- [SOURCE MATERIAL]
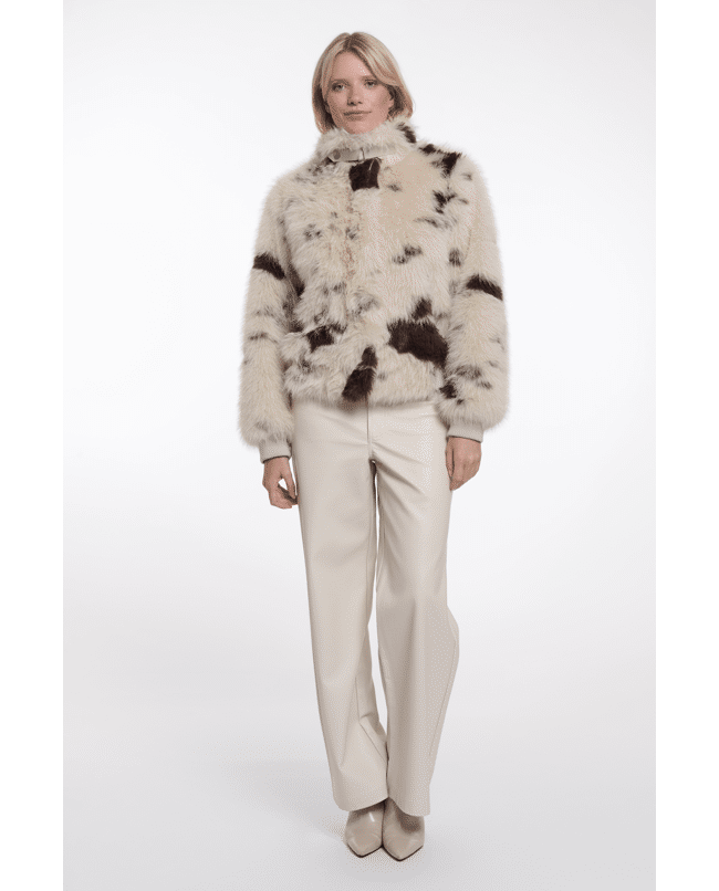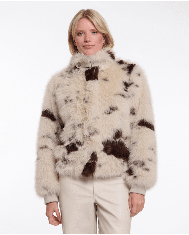 Ambra – Dames teddyjas van Rino&Pelle met opstaande hals, imitatiebont, ritssluiting en steekzakken
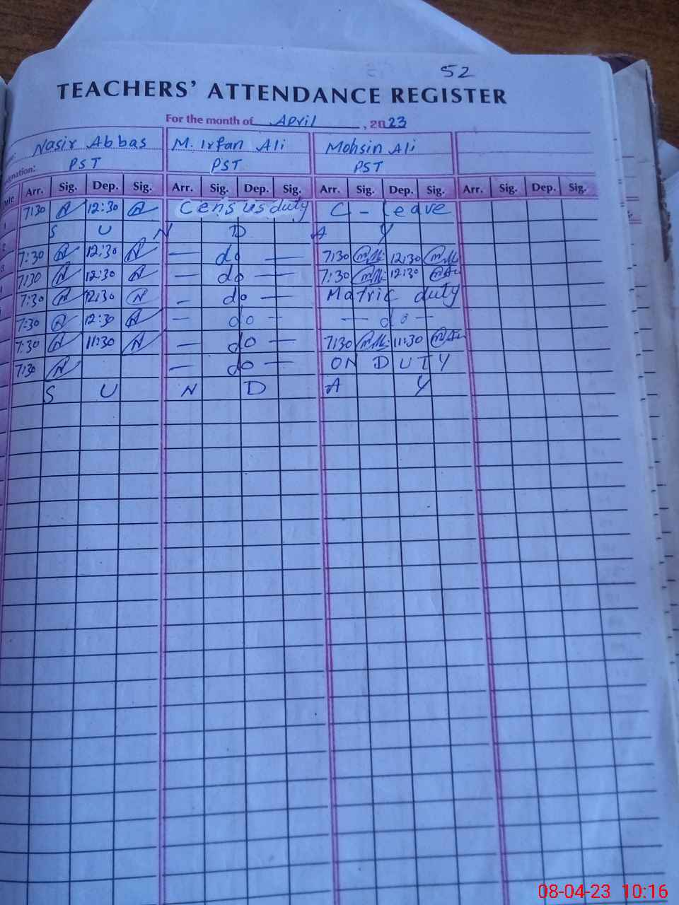 | 33**** | Mo**** Al**** | PST | Regular | 2 | 0 | 0 | 0 | 0 | 0 | 0 | 0 | 2 | Exam Duty |
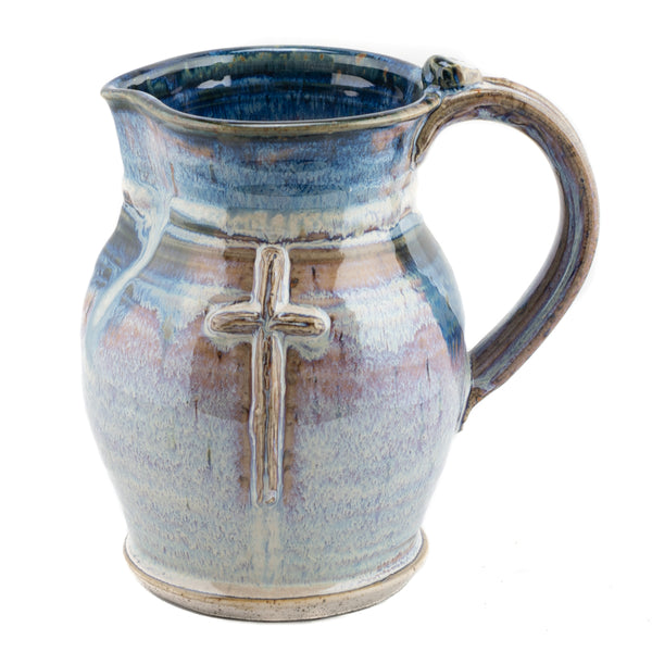 This unique, hand-thrown stoneware (ceramic) pastel flagon stands 8 inches tall and holds approximately 45 fluid ounces. This large flagon features a raised design of the old rugged cross.

- [TASK DESCRIPTION]
Exactly the lines from the one containing "Exam Duty |" through the end of the data above: repeat those, both ends included, and nothing else. Skip the pictures.

- [TASK RESULT]
 | 33**** | Mo**** Al**** | PST | Regular | 2 | 0 | 0 | 0 | 0 | 0 | 0 | 0 | 2 | Exam Duty |
 This unique, hand-thrown stoneware (ceramic) pastel flagon stands 8 inches tall and holds approximately 45 fluid ounces. This large flagon features a raised design of the old rugged cross.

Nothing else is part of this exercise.